**Problem**
The output should contain the listing word for word and no pictures.

**Material provided**

= Beginning of Section =

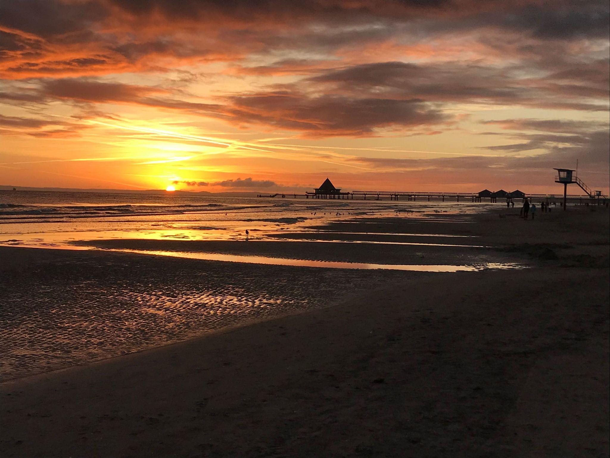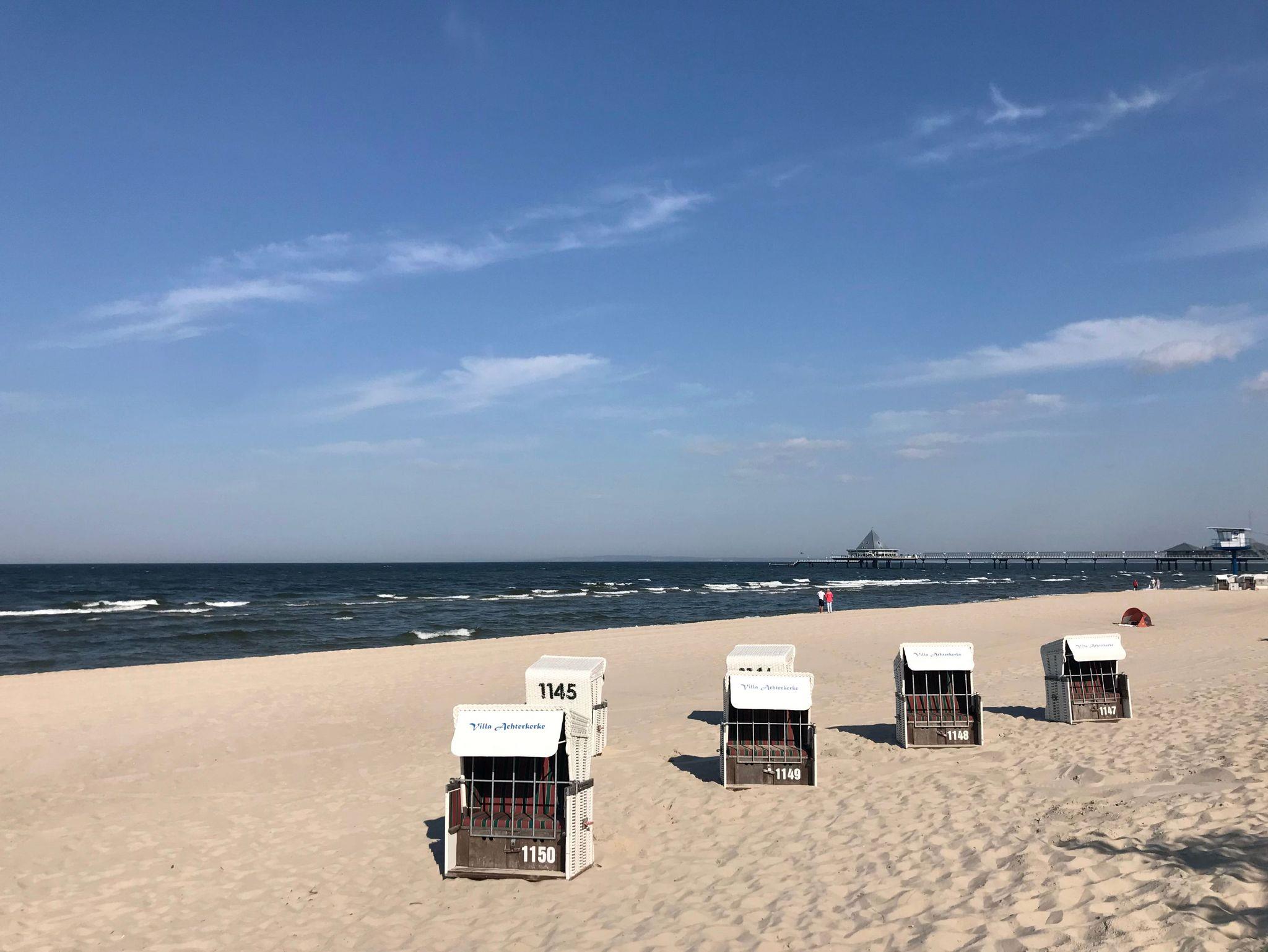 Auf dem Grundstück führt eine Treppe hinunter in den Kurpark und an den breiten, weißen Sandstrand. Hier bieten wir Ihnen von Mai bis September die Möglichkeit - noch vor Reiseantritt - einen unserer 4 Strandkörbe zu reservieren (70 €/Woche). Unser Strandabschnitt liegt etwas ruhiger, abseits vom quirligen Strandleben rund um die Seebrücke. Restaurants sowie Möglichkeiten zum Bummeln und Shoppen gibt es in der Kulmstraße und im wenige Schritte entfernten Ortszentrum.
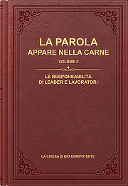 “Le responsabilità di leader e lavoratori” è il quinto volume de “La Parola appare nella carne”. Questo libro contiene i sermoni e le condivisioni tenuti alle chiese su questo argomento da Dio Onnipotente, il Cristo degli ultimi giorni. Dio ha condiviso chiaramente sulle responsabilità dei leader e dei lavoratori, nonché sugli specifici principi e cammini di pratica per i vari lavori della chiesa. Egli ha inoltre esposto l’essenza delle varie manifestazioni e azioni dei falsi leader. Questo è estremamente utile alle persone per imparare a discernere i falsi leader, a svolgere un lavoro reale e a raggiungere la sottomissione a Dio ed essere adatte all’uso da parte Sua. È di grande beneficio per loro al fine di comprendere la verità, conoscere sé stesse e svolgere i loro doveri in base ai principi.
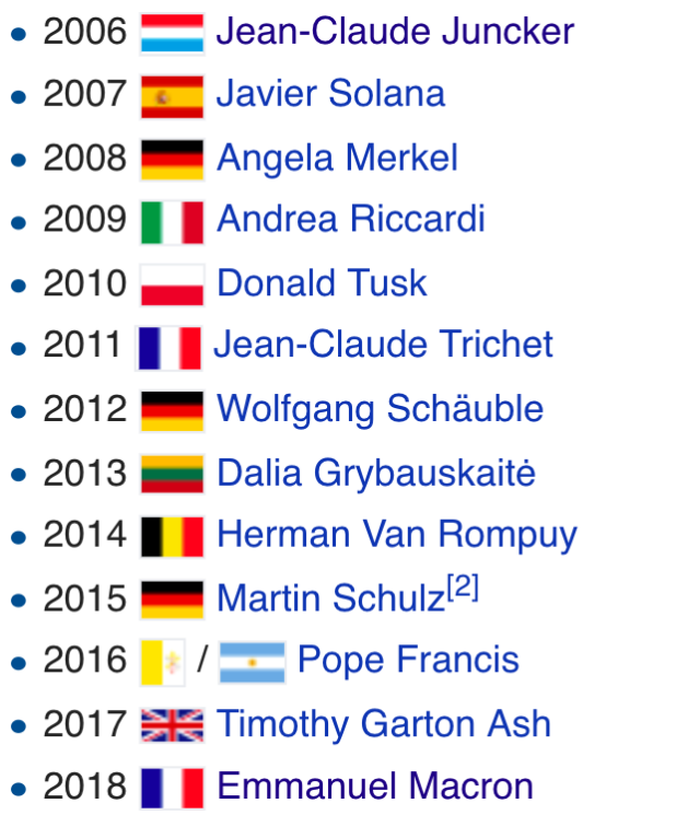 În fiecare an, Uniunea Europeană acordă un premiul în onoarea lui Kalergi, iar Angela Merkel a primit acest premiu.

= End of Section =

**Solution for this problem**
 Auf dem Grundstück führt eine Treppe hinunter in den Kurpark und an den breiten, weißen Sandstrand. Hier bieten wir Ihnen von Mai bis September die Möglichkeit - noch vor Reiseantritt - einen unserer 4 Strandkörbe zu reservieren (70 €/Woche). Unser Strandabschnitt liegt etwas ruhiger, abseits vom quirligen Strandleben rund um die Seebrücke. Restaurants sowie Möglichkeiten zum Bummeln und Shoppen gibt es in der Kulmstraße und im wenige Schritte entfernten Ortszentrum.
 “Le responsabilità di leader e lavoratori” è il quinto volume de “La Parola appare nella carne”. Questo libro contiene i sermoni e le condivisioni tenuti alle chiese su questo argomento da Dio Onnipotente, il Cristo degli ultimi giorni. Dio ha condiviso chiaramente sulle responsabilità dei leader e dei lavoratori, nonché sugli specifici principi e cammini di pratica per i vari lavori della chiesa. Egli ha inoltre esposto l’essenza delle varie manifestazioni e azioni dei falsi leader. Questo è estremamente utile alle persone per imparare a discernere i falsi leader, a svolgere un lavoro reale e a raggiungere la sottomissione a Dio ed essere adatte all’uso da parte Sua. È di grande beneficio per loro al fine di comprendere la verità, conoscere sé stesse e svolgere i loro doveri in base ai principi.
 În fiecare an, Uniunea Europeană acordă un premiul în onoarea lui Kalergi, iar Angela Merkel a primit acest premiu.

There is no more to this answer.